The project can have various applications, including enhancing the mobile gaming experience, enabling hand-free control of devices, and facilitating communication for disabled users.
We use CNN and PyTorch trained model for classification, but since only CoreML models can be run on iOS devices, we’ll use Apple’s CoreML converter tool to convert the trained model to be suitable for mobile devices. We also experiment with using the iPhone's depth sensor to help with the classification if the depth map improves the accuracy of classification/hand detection.
For training and testing the models, we use the dataset from https://arxiv.org/abs/2206.08219.

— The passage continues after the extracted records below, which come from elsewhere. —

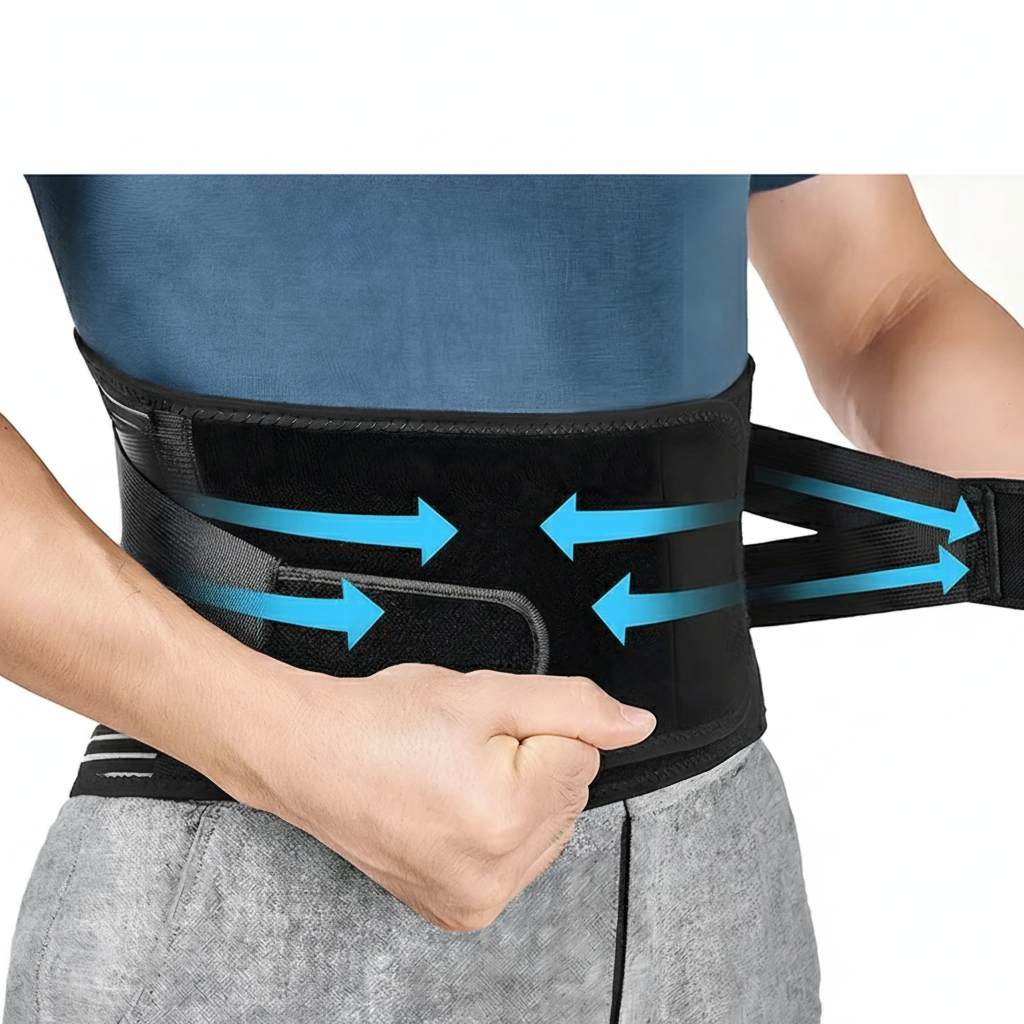 Relieve your back pain and regain freedom of movement with this advanced lumbar support belt. The removable inflatable pad provides support to your spine. It provides dynamic traction, correcting spinal alignment while reducing discomfort caused by hernia, sciatica, and scoliosis. Its double adjustable straps ensure comfortable, safe, and breathable use throughout the day.
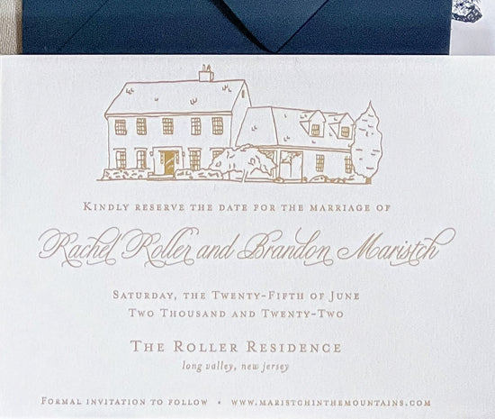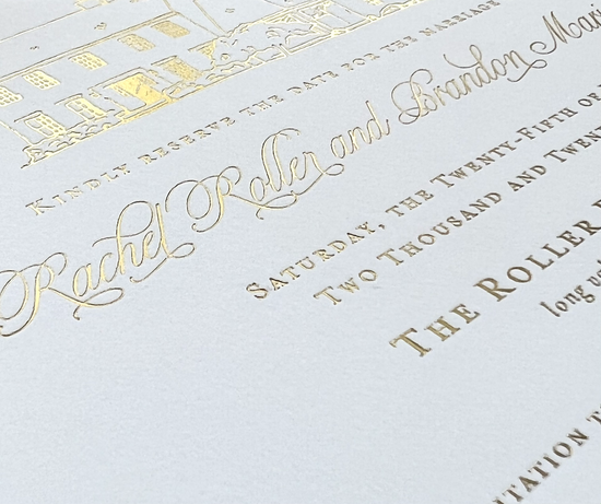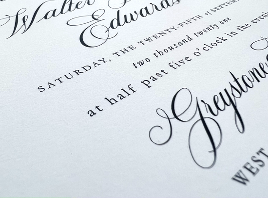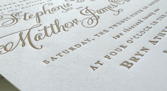 This time honored printing process is done by hand using matte ink and a metal plate, creating an impressed or debossed look on a thicker cardstock like Crane's Lettra paper. At Fox and Quill Paperie, we specialize in the best letterpress wedding invitations.
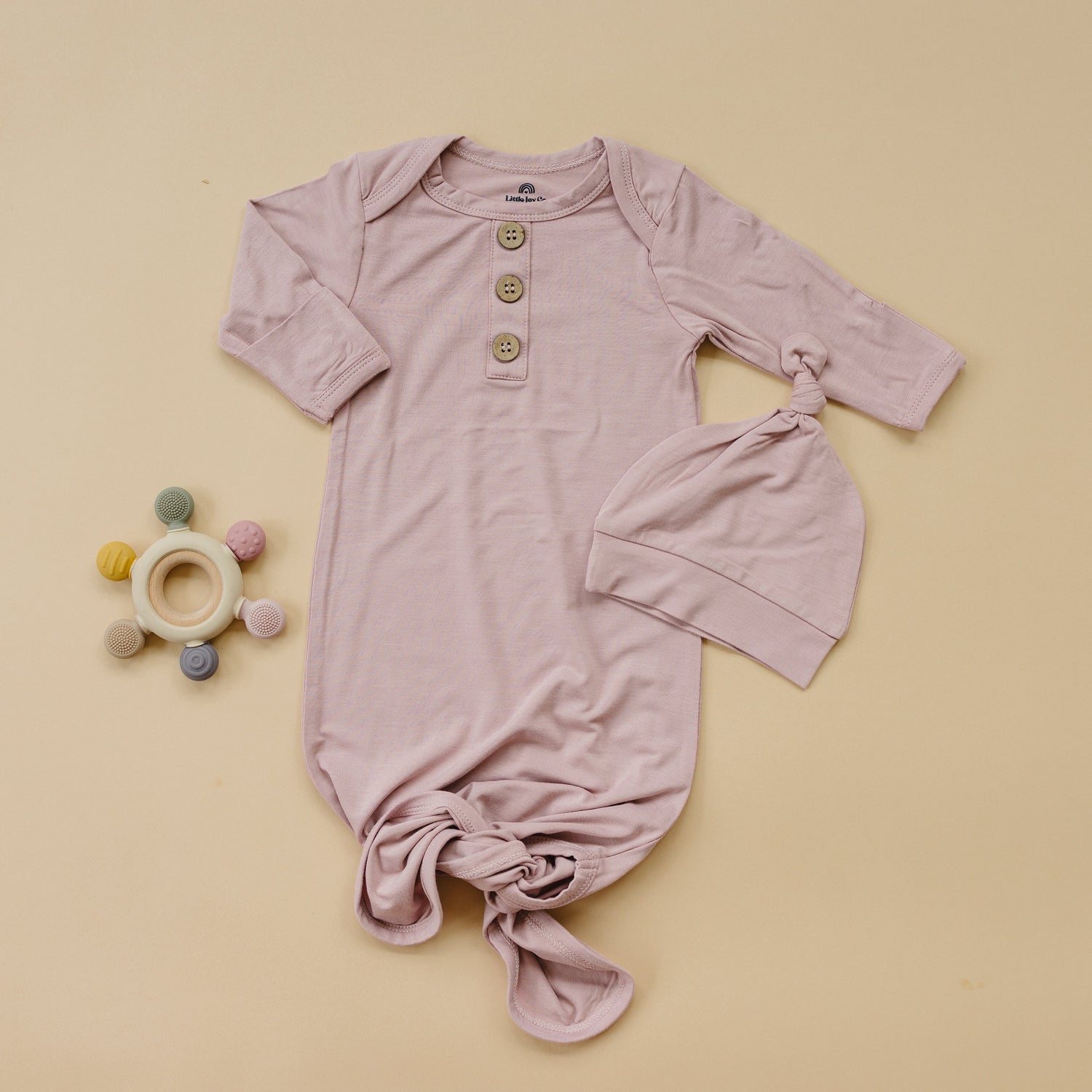 Wrap your little one in comfort and style with our Newborn Bamboo Gown & Hat Set—designed to perfectly coordinate with our Labor & Delivery Gowns. Featuring soft bamboo fabric and a gentle stretch, this gown is not only cozy but functional with a button accent and a convenient tie-bottom for quick diaper changes. Choose from three timeless colors:
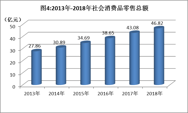 全年实现社会消费品零售总额46.82亿元,比上年增长11.5%。
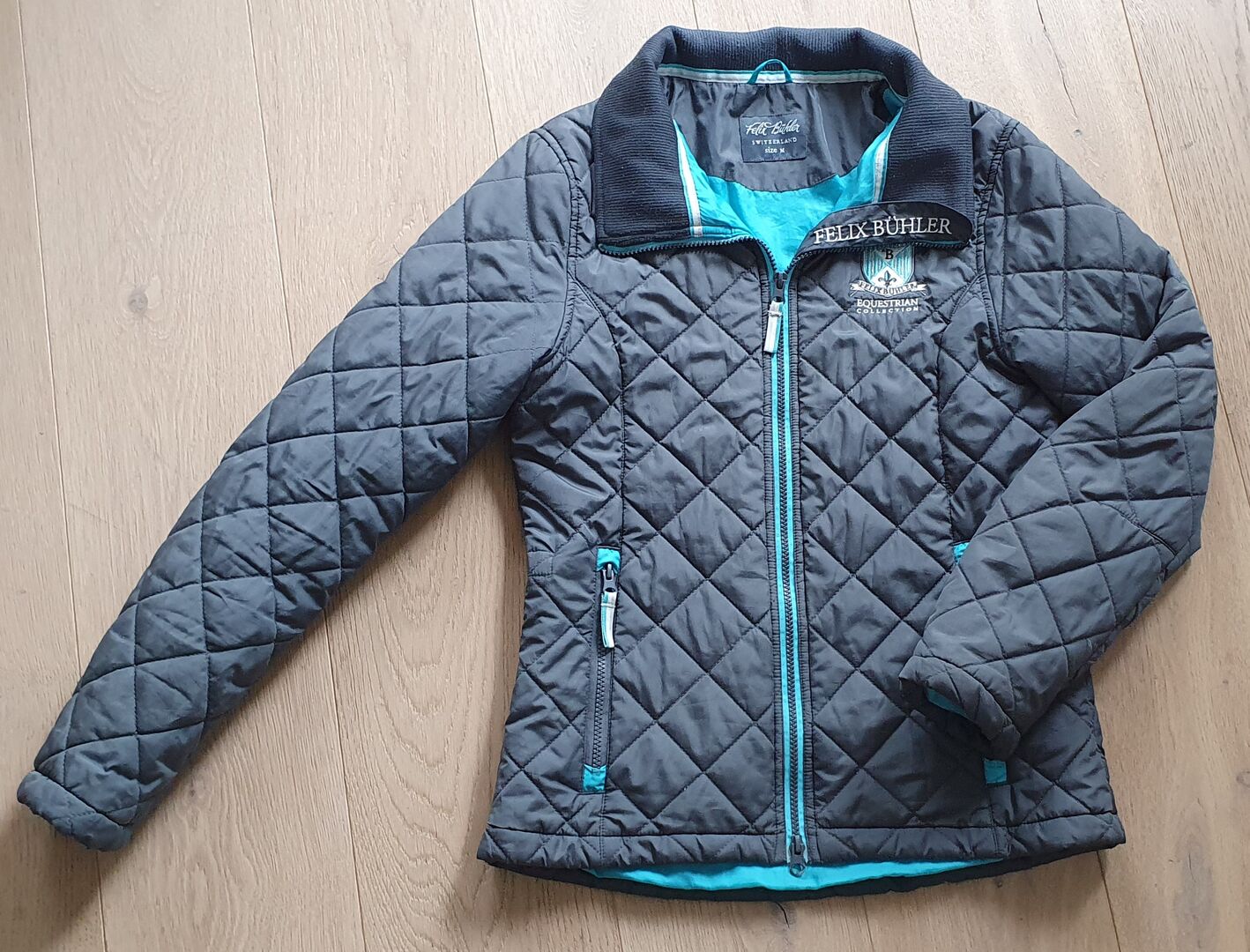 Felix Bühler winter/overgangsjas Gr M - Felix Bühler winter/overgangsjas in maat M, kleur grijs-turquoise. Staat zeer goed, weinig gedragen. 2 zijzakken met rits, 1 binnenzak.
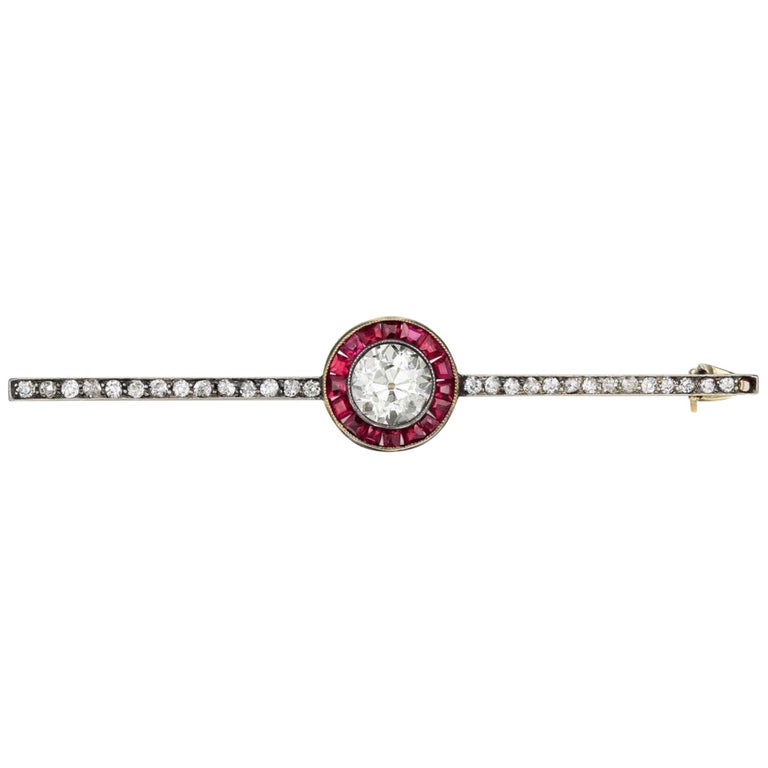 Antique Diamond and Ruby Bar Pin For Sale at 1stDibs | antique bar pin
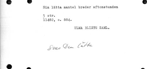//// Sin lätta mantel breder aftonstunden 5 str. //// 11482, s. 884. //// ULMA BLIXTS SAML. //// Ve- ^ ////
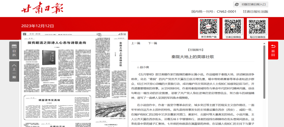年月日文法学院教师赵小爽在中共甘肃省委机关报甘肃日报发表文章秦陇大地上的英雄壮歌。文章对陕西师范大学广播电视专业硕士生导
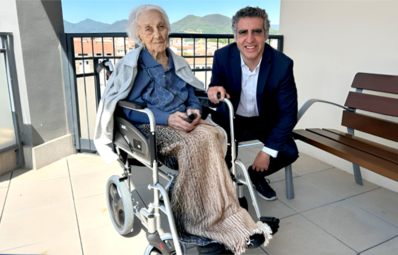 Maria Branyas Morera, à esquerda, com Manel Esteller, que participou dos estudos sobre o DNA da supercentenária © Divulgação/Josep Carreras Leukaemia Research Institute
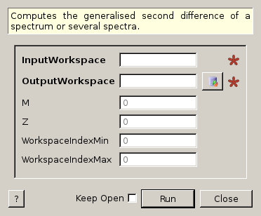 | InputWorkspace | Input | MatrixWorkspace | Mandatory | Name of the input workspace |

This dataset contains 552,992 samples divided into 18 classes of gestures. The annotations consist of bounding boxes of hands with gesture labels and markups of leading hands. The proposed dataset allows for building HGR systems, which can be used in video conferencing services, home automation systems, the automotive sector, services for people with speech and hearing impairments, etc. We are especially focused on interaction with devices to manage them. That is why all 18 chosen gestures are functional, familiar to the majority of people, and may be an incentive to take some action. In addition, we used crowdsourcing platforms to collect the dataset and took into account various parameters to ensure data diversity. We describe the challenges of using existing HGR datasets for our task and provide a detailed overview of them. Furthermore, the baselines for the hand detection and gesture classification tasks are proposed.